Train Carrying Crude Oil Derails In Downtown Lynchburg, Va.
A CSX train carrying crude oil derailed in Lynchburg, Va., on Wednesday.
Luann Hunt, a spokeswoman for the city of Lynchburg, tells our Newscast unit that the area has been evacuated.
Approximately 12 to 14 tanker cars were involved in the derailment, Hunt said, causing flames and deep dark smoke.
Beverly Amsler, of NPR member station WVTF, tells us that at least three of the tankers ruptured because of the accident.
"Dozens of emergency personnel are on the scene," Beverly adds. "There are no reported injuries but there are reports some of the oil has gone into the James River."
Update at 5:03 p.m. ET. No Impact To Drinking Water:
The City of Lynchburg tweets:
TRAIN DERAILMENT UPDATE: There is NO IMPACT on City drinking water due to spillage of crude oil in James River.— City of Lynchburg (@lynchburggov) April 30, 2014
The city added that the fire department has decided to let the fire burn out.
Update at 7:20 p.m. ET. New Standards:
It's worth noting that the U.S. was expected to announce new standards for tank cars carrying crude oil. The former Chairman of the National Transportation Safety Board Deborah Hersman told Morning Edition during an exit interview that "the growing North American oil industry is leading to a railroad safety problem."

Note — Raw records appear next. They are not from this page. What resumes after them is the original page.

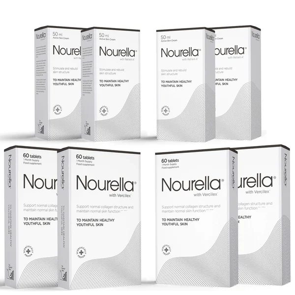 The Nourella® System 4 Month Bundle is a unique combination to transform your skincare regime, utilising dual-phase tablets and cream, which work in synergy to help stimulates and support the natural skin rebuilding and repair process.
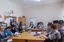 В детском саду прошел очередной педсовет, в котором были выслушены выступления по данной теме. Был подведен итог конкурса по презентации центров с использованием УМК. Вот они - наши победители:
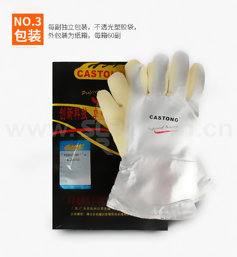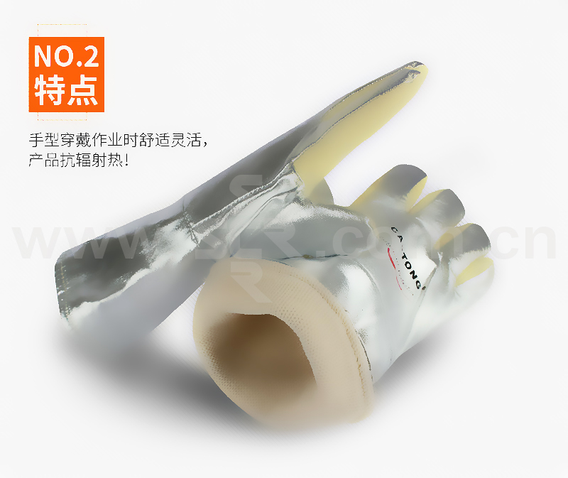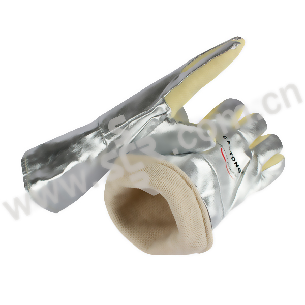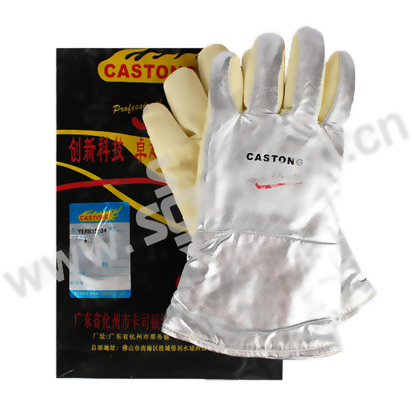 ·耐500°高温·长度:34CM·颜色:土黄色·灵活度:3级·主要面料为对位芳纶(Meta Aramid)密织毡,耐温500℃,每次持续时间15-20秒,有一定的防割和耐磨性能,磨损后有少量浮毛,手型舒适灵活·背部及腕部主要面料为棉帆布复合铝箔,防辐射热,抗撕裂和褶皱,耐温500℃辐射热,每次持续时间10-15秒·表面光滑,能有效防止金属火星飞溅和热辐射
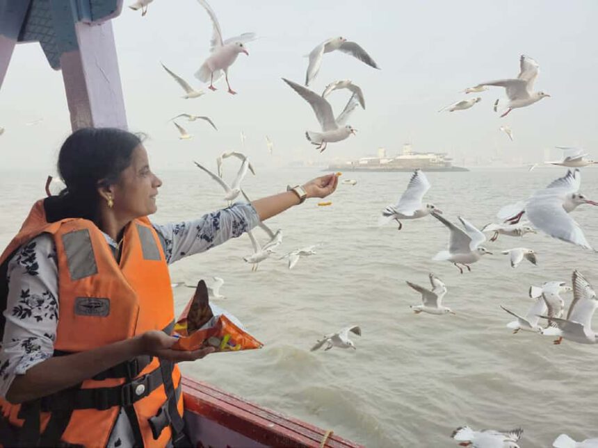 சிறிது தூரம் கூட சென்றிருக்க மாட்டோம். நூற்றுக்கணக்கான புறாக்கள் எங்கள் படகை சுற்றி வளைத்தன. திடீரென்று பார்த்த போது அச்சமாகவும், பிறகு ரசனையாகவும் மாறியது. ஆனால் அவை புறாக்கள் இல்லை என்பது பிறகுதான் தெரிந்தது. குளிர் நேரங்களில் மட்டும் மும்பைக்கு வரும் “சீகல்ஸ்” பறவை என்று சொன்னார்கள். இவை சைபீரியன் நாட்டில் இருந்து வருகின்றன. ஆனால் என்ன கொடுமை என்றால், ஏதாவது படகைப் பார்த்தால் நூற்றுக்கணக்கான சீகல்ஸ் மறவைகள் வந்து உணவு கேட்கின்றன.
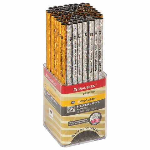 Карандаш чернографитный BRAUBERG "PREMIUM TURKEY", 1 шт., "Hologram", НВ, ассорти, дисплей, 181571
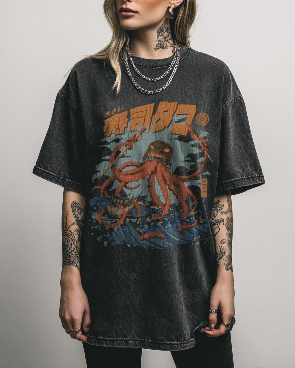 Craving “The Tako Sushi”? Get This Kaiju Octopus Acidwash Tee! Unleash your love for Japanese culture and a touch of kaiju chaos with ‘The Tako Sushi’ Angry Octopus Kaiju Acidwash T-Shirt. This unique, retro-inspired graphic tee features a formidable, angry octopus in the style of a sushi roll, complete with a dramatic wave, perfect for…
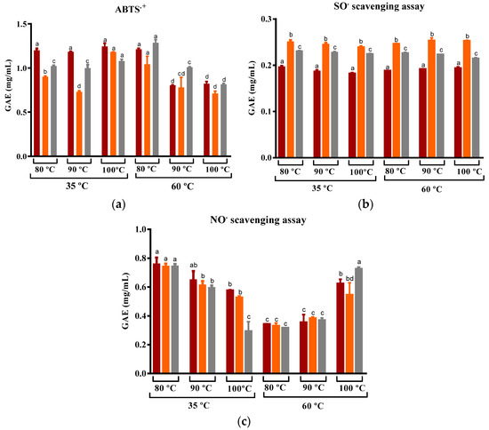 Variation in the (a) ABTS•+, (b) SO•, and (c) NO• scavenging capacity of prickly pear peel infusions cv ´Rossa´ (red peel) in red (▬), cv ‘Gialla’ (orange peel) in orange (▬), and cv ‘Bianca’ (white peel) in grey (▬) obtained from peel dried at 35 and 60 °C and steeped at 80, 90, and 100 °C. Results are expressed as the average ± SD (n = 3). Different lowercase letters above each bar indicate statistically significant differences (p < 0.05).
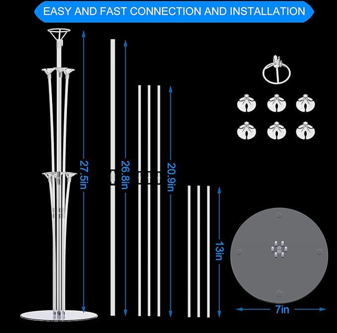This Balloon Stand features a 6.9-inch base diameter with one 28-inch stick, three 23.5-inch sticks, and three 15.5-inch sticks, made from durable transparent plastic and an acrylic base for repeated use. The stand can be quickly assembled with 28 latex or foil balloons in about 3 minutes, following the included instructions, and can be reused for different events. Ideal for birthdays, weddings, baby showers, home décor, photo backdrops, Christmas, Halloween, and other festive celebrations, it provides an attractive and versatile decoration option.
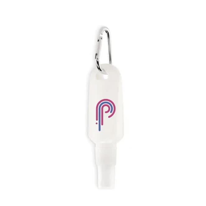Spray przeciwsłoneczny SPF25 z karabińczykiem. Pojemność: 30 ml.
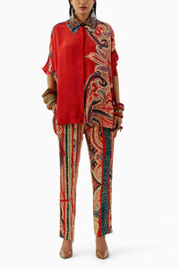 Elevate your style quotient with the Sindoor Mandala Shirt Set. The anti-fit, natural crepe shirt showcases an ambi print mandala and embroidered collar, perfectly paired with printed drape trousers featuring an expandable back waist.
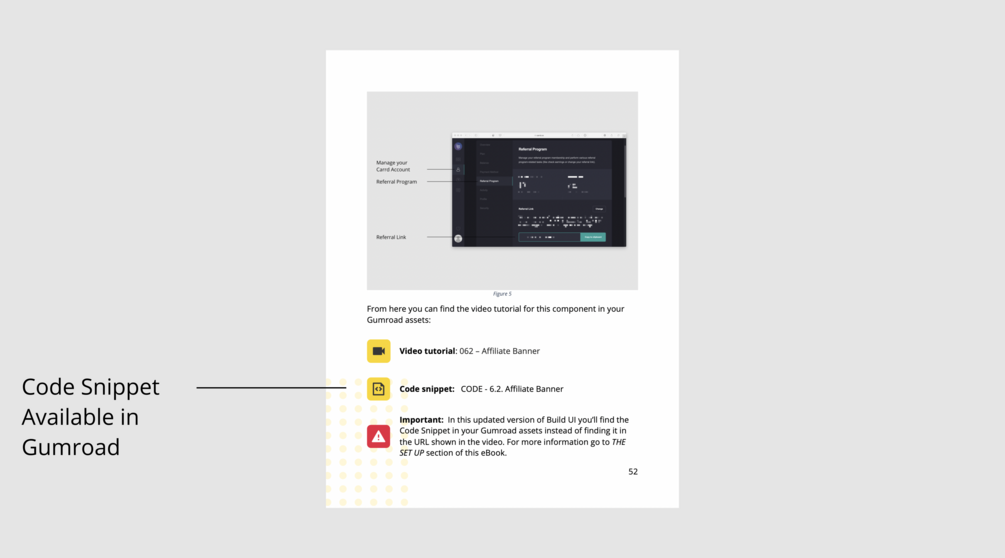 Tutorial Videos: When there’s a video available for the components’ tutorial you’ll find it referenced on the Ebook so you can look it up on your Gumroad downloads
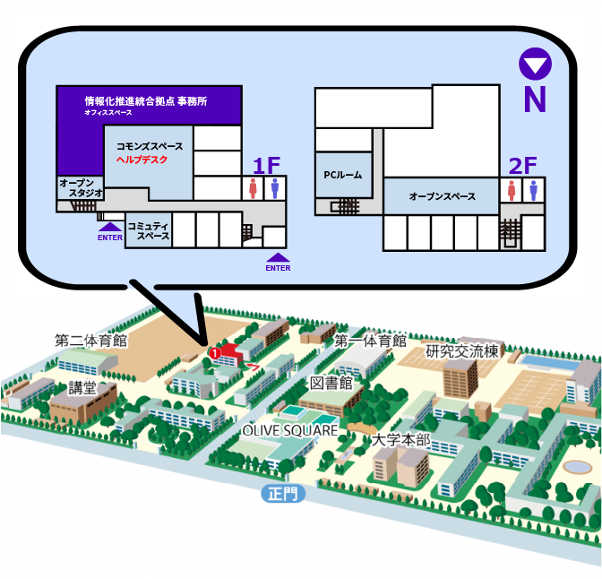 「情報メディアセンター」は,「情報化推進統合拠点 事務所」に設置。

The government, Hersman said, believes more stringent safety standards are in order, but the industry is reluctant to make those changes because of money. Here's a key exchange between Hersman and NPR's Steve Inskeep:
INSKEEP: Do people just not want to spend the extra money?
HERSMAN: Well, it is a huge commitment of resources, $3 billion to address these tank cars is what we heard this past week from the industry. But at the end of the day, when you have an event like Lac-Megantic, money should never be the issue. And you can't ever make up for something like that.
INSKEEP: But I'm asking you if you believe money is the issue. Have you had industry groups who have just said this is too expensive?
HERSMAN: Absolutely, follow the money - it all comes back to the money. Making these heavier, stronger tank cars reduces the amount of product that can be put in the cars.